• TASK REQUIREMENTS
Would you return exactly the lines from the top of the data below through the one containing "Off-the-grid log home", leaving out the pictures?

-------- DATA PROVIDED

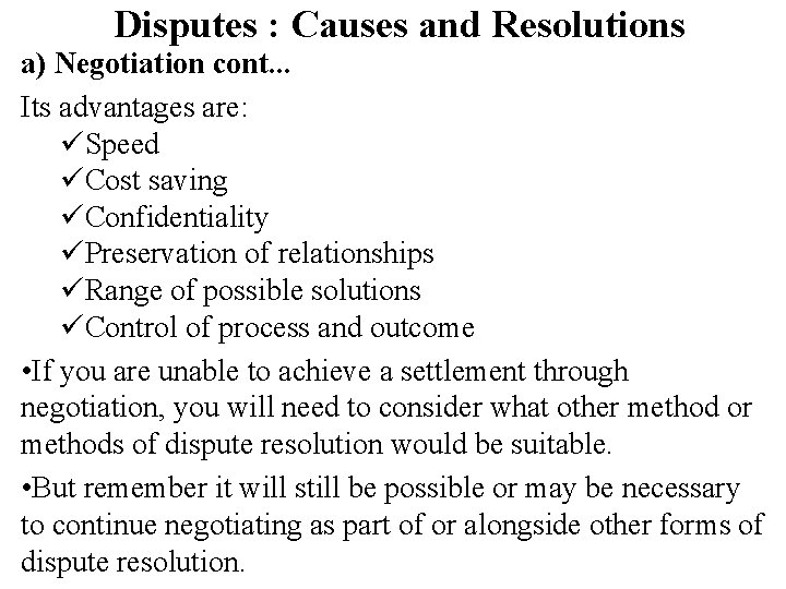 Disputes : Causes and Resolutions a) Negotiation cont. . . Its advantages are: üSpeed üCost saving üConfidentiality üPreservation of relationships üRange of possible solutions üControl of process and outcome • If you are unable to achieve a settlement through negotiation, you will need to consider what other method or methods of dispute resolution would be suitable. • But remember it will still be possible or may be necessary to continue negotiating as part of or alongside other forms of dispute resolution.
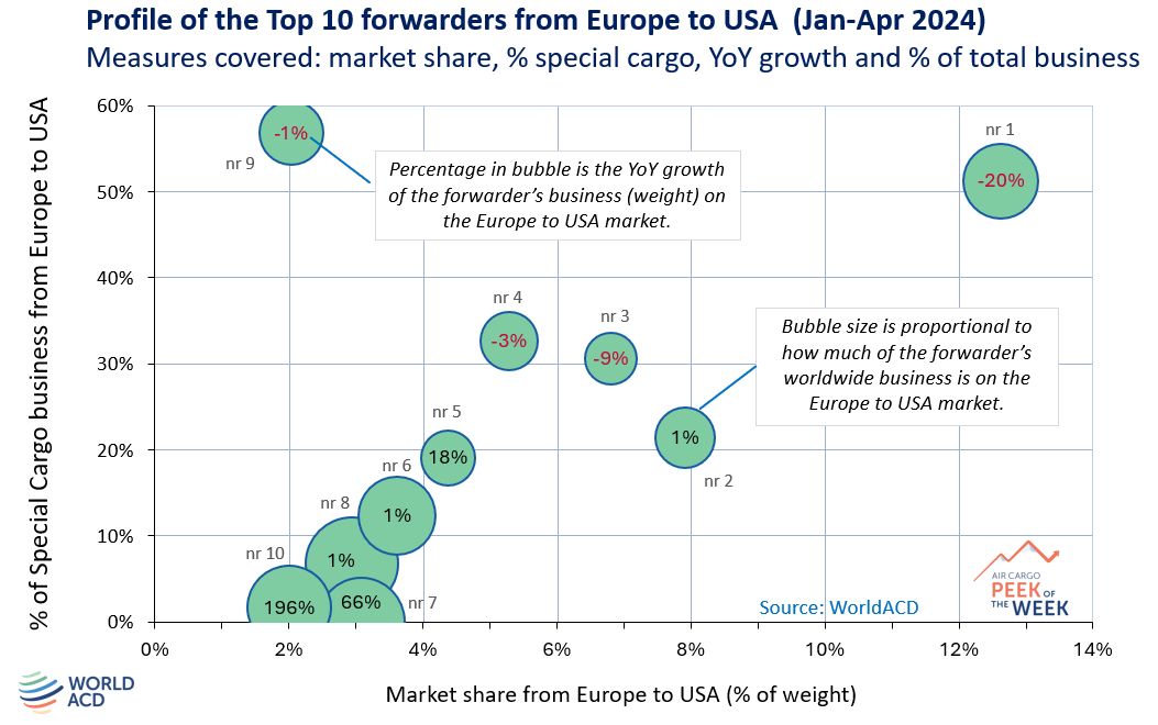 在本周的 "每周一瞥 "中,我们将举例说明货代公司的概况。在下图中,我们列出了欧洲至美国市场上排名前十的货代公司(2024 年 1 月至 4 月)。我们对每家货代公司进行了四项衡量:市场份额、% 特种货物、年同比增长率和欧洲至美国航线的重要性(占货代公司总业务量的 %)。散点图清楚地显示了顶级货运代理在这一市场中的不同情况。
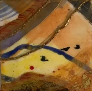 Mixed media with encaustic wax, frame size 15cmx15xcm
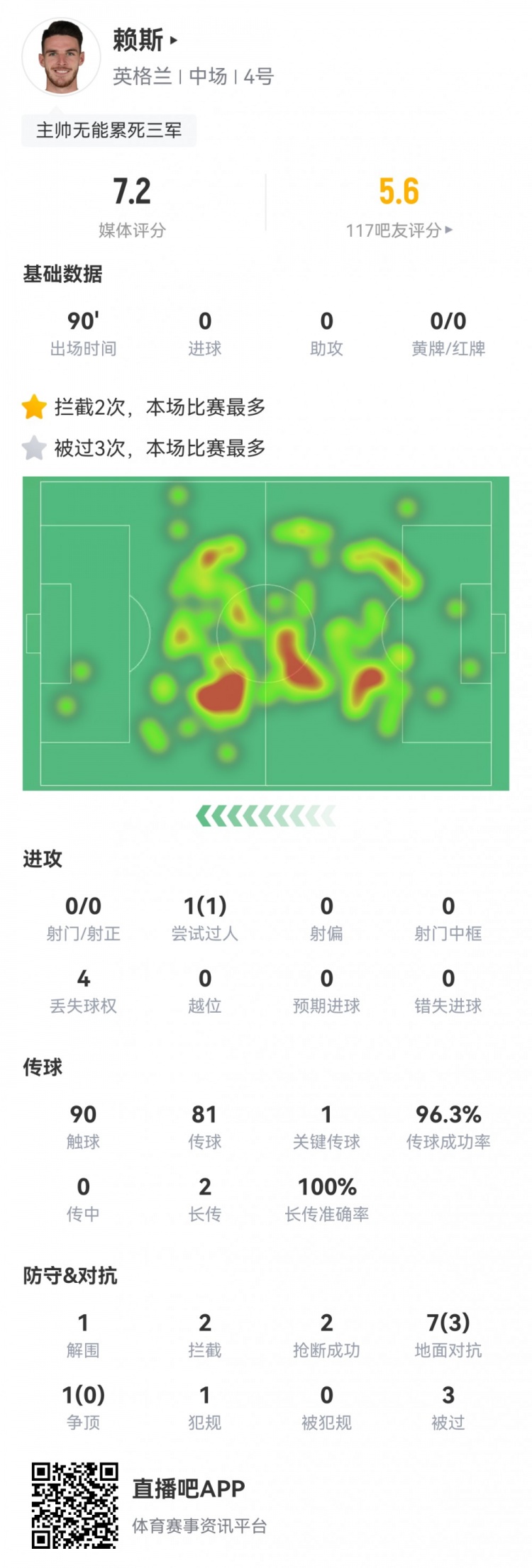 赖斯数据:传球成功率96%,1次关键传球,1解围2拦截,评分7.2
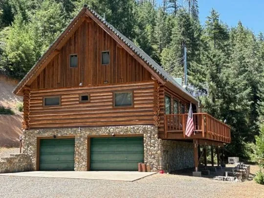 Off-the-grid log home with panoramic views of Mt. Shasta and Trinity Lake. Located up Bowerman Ridge, this seasonal retreat has all you need to get back to nature. The 48V solar system with new lithium batteries and back-up generator provides all the power you will need. Winter access depended upon snowfall to access the property and summer months boasts close proximity to Trinity Lake and new boat ramp/marina. For pilots, there is also a 3700' airport at Trinity Center. Custom cabinets, hand-chinked logs, granite counters, Japanese soaking tub, hardwood floors and Anderson Windows highlight the many extras. Two bedrooms and two baths on the main level with the loft large enough to sleep several more guests. The 1100 sq ft finished garage also houses the washer & dryer and solar inverter and batteries. The well boasts a healthy 10 gallons per minute per seller with gravity feed to house ...
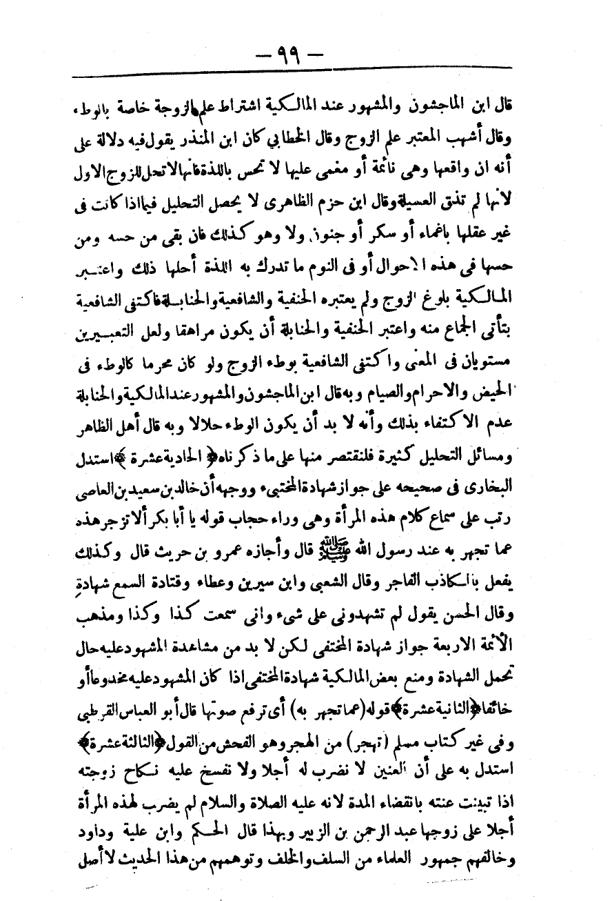 وَالْمَشْهُورُ عِنْدَ الْمَالِكِيَّةِ وَالْحَنَابِلَةِ عَدَمُ الِاكْتِفَاءِ بِذَلِكَ، وَأَنَّهُ لَا بُدَّ أَنْ يَكُونَ الْوَطْءُ حَلَالًا، وَبِهِ قَالَ أَهْلُ الظَّاهِرِ، وَمَسَائِلُ التَّحْلِيلِ كَثِيرَةٌ فَلْنَقْتَصِرْ مِنْهَا عَلَى مَا ذَكَرْنَاهُ.

----------------

• ANSWER TO THIS EXERCISE
 Disputes : Causes and Resolutions a) Negotiation cont. . . Its advantages are: üSpeed üCost saving üConfidentiality üPreservation of relationships üRange of possible solutions üControl of process and outcome • If you are unable to achieve a settlement through negotiation, you will need to consider what other method or methods of dispute resolution would be suitable. • But remember it will still be possible or may be necessary to continue negotiating as part of or alongside other forms of dispute resolution.
 在本周的 "每周一瞥 "中,我们将举例说明货代公司的概况。在下图中,我们列出了欧洲至美国市场上排名前十的货代公司(2024 年 1 月至 4 月)。我们对每家货代公司进行了四项衡量:市场份额、% 特种货物、年同比增长率和欧洲至美国航线的重要性(占货代公司总业务量的 %)。散点图清楚地显示了顶级货运代理在这一市场中的不同情况。
 Mixed media with encaustic wax, frame size 15cmx15xcm
 赖斯数据:传球成功率96%,1次关键传球,1解围2拦截,评分7.2
 Off-the-grid log home with panoramic views of Mt. Shasta and Trinity Lake. Located up Bowerman Ridge, this seasonal retreat has all you need to get back to nature. The 48V solar system with new lithium batteries and back-up generator provides all the power you will need. Winter access depended upon snowfall to access the property and summer months boasts close proximity to Trinity Lake and new boat ramp/marina. For pilots, there is also a 3700' airport at Trinity Center. Custom cabinets, hand-chinked logs, granite counters, Japanese soaking tub, hardwood floors and Anderson Windows highlight the many extras. Two bedrooms and two baths on the main level with the loft large enough to sleep several more guests. The 1100 sq ft finished garage also houses the washer & dryer and solar inverter and batteries. The well boasts a healthy 10 gallons per minute per seller with gravity feed to house ...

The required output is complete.